Frühe Untersuchungen der Risikoberichterstattung waren häufig von dem Anspruch getrieben, die Qualität oder sachliche Angemessenheit der Darstellung von Risiken in der Medienberichterstattung zu bestimmen. Dieser Ansatz wurde in späteren Analysen kritisiert. Einige AutorInnen argumentierten, dass die medien-externen Quellen, die als Vergleichsstandard zur Beurteilung der Quellen herangezogen werden, ebenso sozial konstruiert seien wie die Medieninhalte selbst und dass Analysen der Richtigkeit bzw. der sachlichen Angemessenheit von Mediendarstellungen deshalb nicht möglich seien (Schulz 1989; Kohring und Görke 2000).

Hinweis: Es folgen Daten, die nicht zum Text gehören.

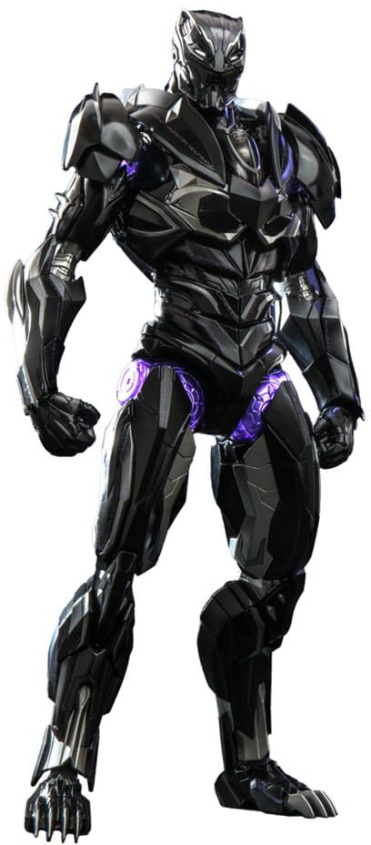 Marvel-actionfiguren, som är utformad för att fånga det omgjorda utseendet på Black Panther Mech Strike-rustningen, är 35 cm lång och har ett nytillverkat hjälmhuvud med LED-ljusfunktion; detaljerad återskapande av en tekniskt avancerad dräkt i matt svart, silver och lila som framhävs med lila lysande reflekterande effektmönster; design med LED-ljusfunktion på ögon, bröst och handflator; levereras med vapen, bland annat spjut, sköld, svärd, flera par utbytbara händer och ett figurstativ. Mech Strike pansarfiguren möjliggör även visning av "Panther Mode" genom att anta delar som LED-belyst panterhuvud, tassar och en ledad svans.
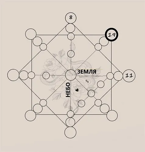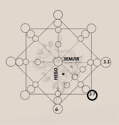 Затем, чтобы получить энергию рода по мужскому роду внизу, складываем энергию кармы прошлых жизней с энергией материальной кармы (11+6=17).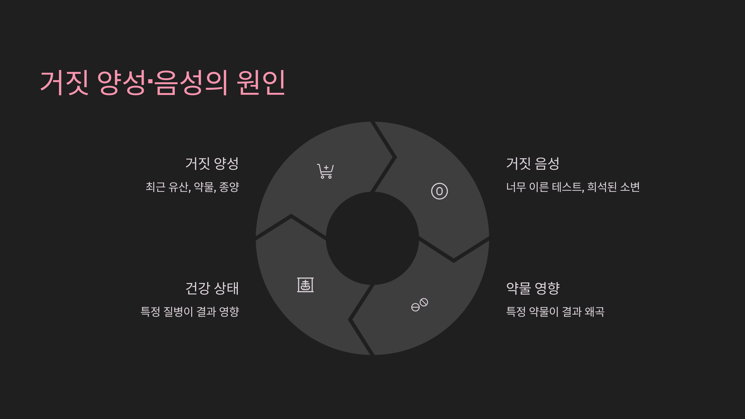 | 거짓 양성 | 최근 임신(유산 후), 약물 복용, 특정 질병(종양 등) |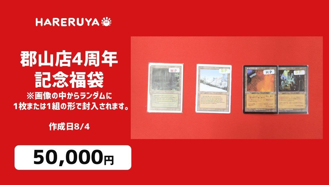 【#晴れる屋郡山店4周年記念】 ㊗️『晴れる屋郡山店4周年記念福袋』発売中です㊗️ 5万円ver. 3万円ver. 1万円ver. の3種類をご用意しております‼️ シングルカードの他にもサプライやパックもパンパンに詰まっております💥 もちろん福袋でもスクラッチに挑戦できますのでぜひご来店ください🍀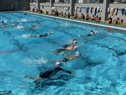 体育の時間です。けのび、バタ足、クロールというリズムが大事ですね。水泳の学習は、今週で終了です。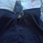 Застегивается на пуговичку и маленькую змейку, сзади и впереди с карманами. На всех карманах вышивка мотыльков. Сзади карманы украшены стразами. Впереди, где мотыльки кармана нет. Есть утяжка (резинка с регулировкой и застежкой на пуговицу).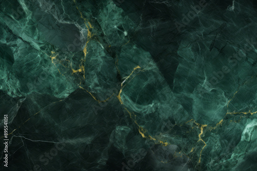 © Larysa, Obraz premium Processed collage of luxurious dark green glossy marble texture. Background for banner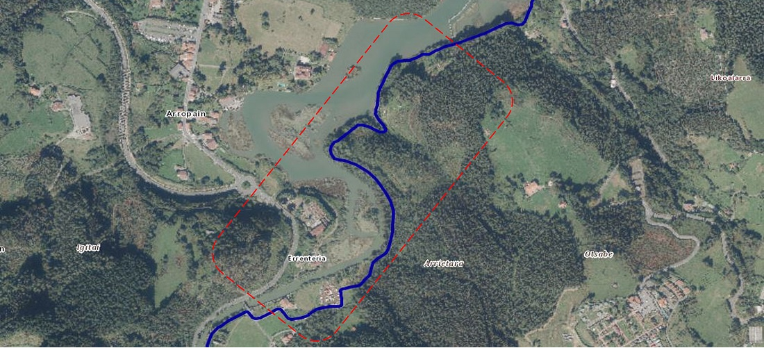 Ospitale zaharretik (19. km) Marierrotara (20,3. km) doan tartean (argazkiko laukizuzen gorriaren barruan) GR® 38.3 saihesbidean; 4 zubi eta pasabide egokitu eta ordezkatu behar direnez, abenduaren 1etik 7ra ibiltzeko itxita geratuko da.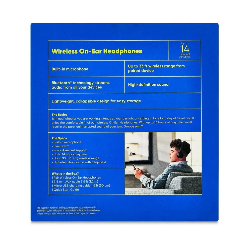 onn. Wireless Bluetooth on-Ear Headphones, Black (New) Up to 24 hours of playtime Bluetooth wireless technology streams audio from all your devices High definition sound with deep bass Lightweight, collapsible design for easy storage Built-in microphone Up to 33 ft (10 m) wireless range Voice Assistant support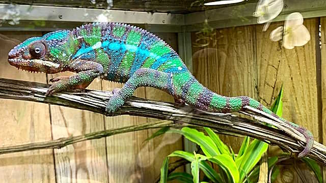 Cet étrange animal, de toutes ls couleurs est un Caméléon. Il adapte les couleurs de son corps à son environnement.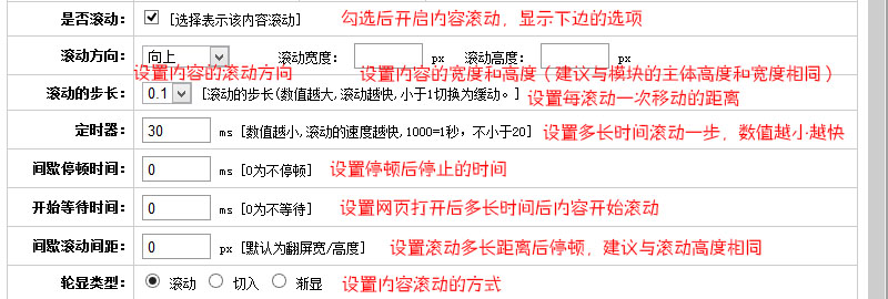 內(nèi)容滾動(dòng)各項(xiàng)參數(shù)介紹

In den vergangenen Jahren sind Diskussionen über die Richtigkeit oder Angemessenheit von Medieninhalten wieder aufgekommen, zum Beispiel in Diskussionen um irreführende oder gefälschte Meldungen („Fake News“), Verschwörungstheorien oder Desinformation (Scheufele und Krause 2019). Solche Debatten spielen vor allem in öffentlich politisierten Auseinandersetzungen um Umwelt, Technologien und Wissenschaft eine Rolle – zum Beispiel in den Debatten um Klimawandel, Evolution usw. (Iyengar und Massey 2019). Die Beschäftigung mit Desinformation verlangt systematische Verfahren, um die sachliche Angemessenheit von Kommunikationsinhalten bestimmen zu können und sachlich angemessenere von unangemesseneren Darstellungen zu unterscheiden. Hierzu sollten traditionelle Ansätze zur Bestimmung der sachlichen Angemessenheit von Kommunikationsinhalten wieder aufgenommen und weiterentwickelt werden.